"الدرس" - Translation from Arabic to Turkish

    • dersini
        
    • derse
        
    • dersin
        
    • ders
        
    • dersimi
        
    • dersi
        
    • derste
        
    • Sınıf
        
    • dersti
        
    • sınıfta
        
    • Dersimiz
        
    • dersleri
        
    • dersimizi
        
    • Dersinizi
        
    • dersten
        
    dersini şimdi ya da beş yıl sonra öğreneceksin; ama mutlaka öğreneceksin. Open Subtitles ستتعلم الدرس الآن أو بعد 5 سنين من الآن، لكنك بالنهاية ستتعلم
    Çalmaya başlamazsanız migrenim yüzünden bu derse son nokta konacak. Open Subtitles سواء كنت تلعب أو الصداع بلدي سوف ينتهي هذا الدرس.
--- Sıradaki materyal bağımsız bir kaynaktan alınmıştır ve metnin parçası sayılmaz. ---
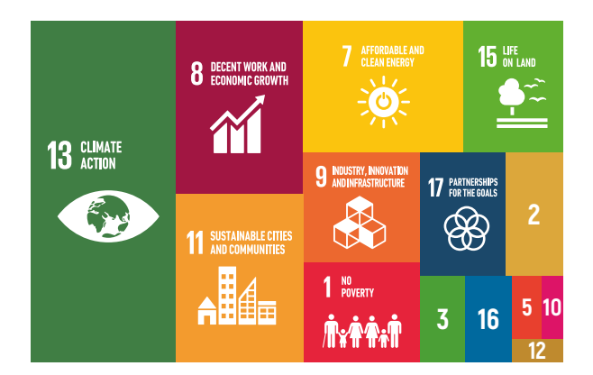
Figure 3. The proportion of the United Nations financial contribution to SDGs within Pillar 1

AGENCIES: UNDP, ILO, UNIDO, UNFPA, UNHCR, FAO, UNICEF, WHO, IOM

    Size bundan bahsedemezsim, çünkü bu da dersin bir parçasıydı. Open Subtitles لم أستطع اخباركما بذلك لأن ذلك كان جزئاً من الدرس
    Bu mola verme fikri belkide kendi yolculuğumda öğrendiğim en büyük ders oldu. TED استمتعوا بالهدوء بالتوقف انه الدرس الاكبر الذي تعلمته من رحلتي هذه مع المرض
    Bir hata ettim ve dersimi aldım ve bir daha da yapmayacağım. Open Subtitles ارتكبت خطأ , وتعلمت من الدرس ولن افعل ذلك مره ثانيه ابدا
    Şimdi bundan sonra hangi süper güç fizik dersini keşfedeceksiniz? TED الآن، ما هو الدرس الفيزيائي للبطل الخارق الذي سنستكشفه المرة القادمة؟
    ve anaokulunda kapısında onun gibileri temsil eden bir işaret olan tuvaletler olmadığı dersini öğrendi. TED علّمت الدرس القاسي والذي مفاده أنه لا يوجد باب حمام في الروضة عليه علامة ترحب بالأشخاص مثلها.
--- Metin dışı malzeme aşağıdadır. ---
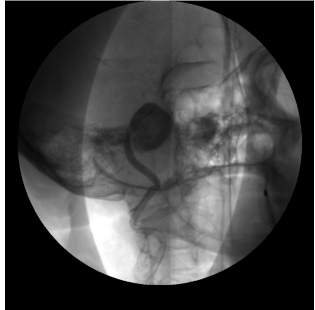
Fig. 3 – An angiogram with selective catheterization of right carotid showing the aneurysm.
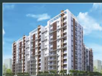
VASAVI SOLITAIRE HEIGHTS Ameerpet
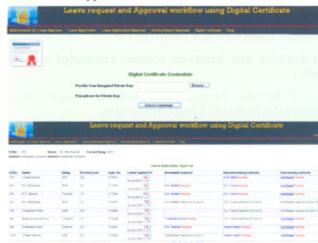
Figure I.2.2: Leave approval using Digital Signature Certificate

Approval of leave/ joining report is done using Digital Signature Certificate (DSC) issued to respective approving authorities by PKI (Public Key Infrastructure) setup created using Oracle Certifying Authority (OCA). After digital approval, the Digital Signature Certificates are stamped in the PDF file at respective places. All the information related to leave application, joining report and approval is maintained in log files.
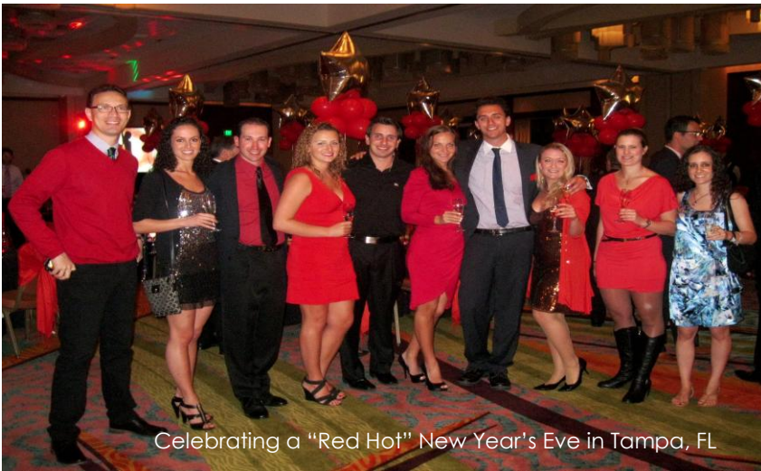
Celebrating a "Red Hot" New Year's Eve in Tampa, FL

    dersini alana kadar ambarda diğerleriyle birlikte anan ağlayacak. Open Subtitles الى مخزن السفينه حيث اصعب الاعمال حتتى تتعلم الدرس
    Peki ikinci derse geçelim: Gülleri koklayın. Pisliği de. TED حسنًا، الدرس الثاني هو: شمُّ الأزهار والطين والسماد.
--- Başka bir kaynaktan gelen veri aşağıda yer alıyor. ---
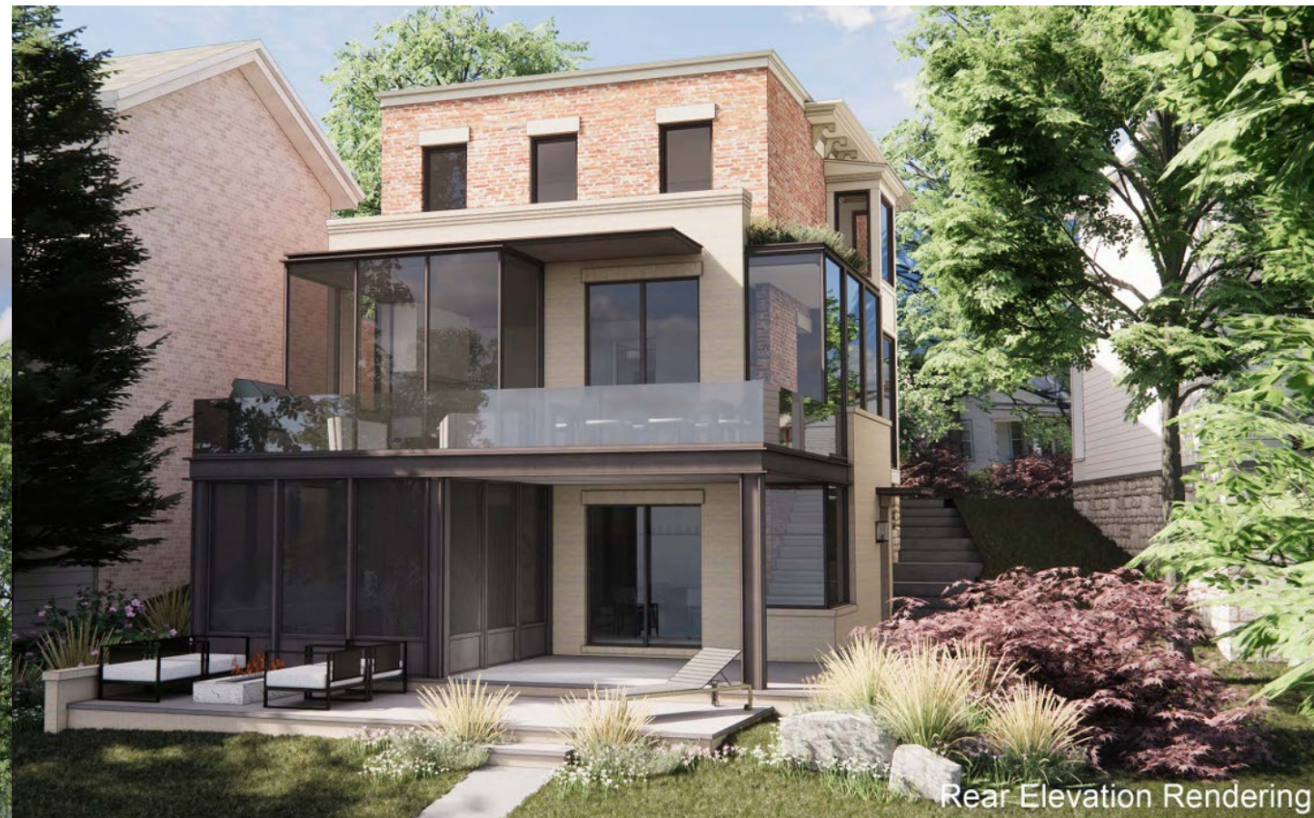
Rear Elevation Rendering

    en arkada oturmuş, resim yapan bir kız. ve öğretmenine soracak olursanız bu küçük kız derse hemen hemen hiç ilgi göstermiyordu. O gün hariç. O gün nedense bütün ilgisi yaptığı resimdeydi. TED وكانت في الخلف ترسم، وقالت المعلمة أن هذه الطفلة قلما انتبهت، بينما كانت منتبهة في هذا الدرس.
    Beni bekleme. Bir sonraki derse gideceğim. Open Subtitles لا تنتظرنى فأنا سأذهب لأتابع الدرس الثانى
    Hepimiz için en zor dersin yardım etmek için ne yaptığımızın önemli olmadığını bilip nihayetinde bunun bize bağlı olmamasıdır. Open Subtitles أعتقد أن الدرس الأقسى الذي تعملناه جميعنا هو معرفة أننا مهما فعلنا للمساعدة، ففي النهاية الأمر لم يكن معلقاً بنا
    Eşimizi değerlendirme günü ve dersin sonunda amacımız sizlerin denemelerinizde kanıtlayabileceğiniz önermelerinizin olup olmadığına karar verebilmeniz. TED المراجعة الثنائية، وهدفنا في نهاية الدرس هو أن تكونوا قادرين على معرفة ما إذا كنتم تتحسنون أو لا في واجباتكم المدرسية.
    Ve herkesin buradan alacağı ders şuydu: insanları mutlu etmenin yolu onlara daha pahalı bir şey vermek, arzulanacak bir şey. Değil mi? TED و كان الدرس المستفاد لكل شخص هو أن طريقة جعل الناس سعداء هي أن تعطيهم شيئا أكثر سعرا, شيئا يطمحوا إليه. اليس كذلك؟
    Bu sefer, ders bittiğinde gitmem gereken bir evim vardı. TED وهذه المرة، كان علي الذهاب إلى المنزل عندما ينتهي الدرس.
    Şimdi çok korktum ve dersimi aldım, sen de artık gidebilirsin. Open Subtitles الاّن أنا أرتعد خوفا وقد تعلمت الدرس فيمكنك أن تذهب الاّن
    Seni hiçbir şeyden vazgeçirmeye çalışmayacağım. O konuda dersimi aldım. Open Subtitles لا أحاول إقناعكِ بالعدول عن أيّ شيء، تعلمت ذلك الدرس
    Benim bu dersi öğrenmem bu kadar uzun sürdüğü için üzgünüm. Open Subtitles اسف يا بنى , انه أخذ وقت طويل لاعرف هذا الدرس
    Bu kısa derste sivil gücün nereden geldiğini, nasıl işlediğini ve onu uygulamak için neler yapabileceğini keşfettik. TED في هذا الدرس القصير، قد وضحنا من أين تأتي السلطة المدنية، كيف تعمل وما نستطيع فعله لنتمرن عليها.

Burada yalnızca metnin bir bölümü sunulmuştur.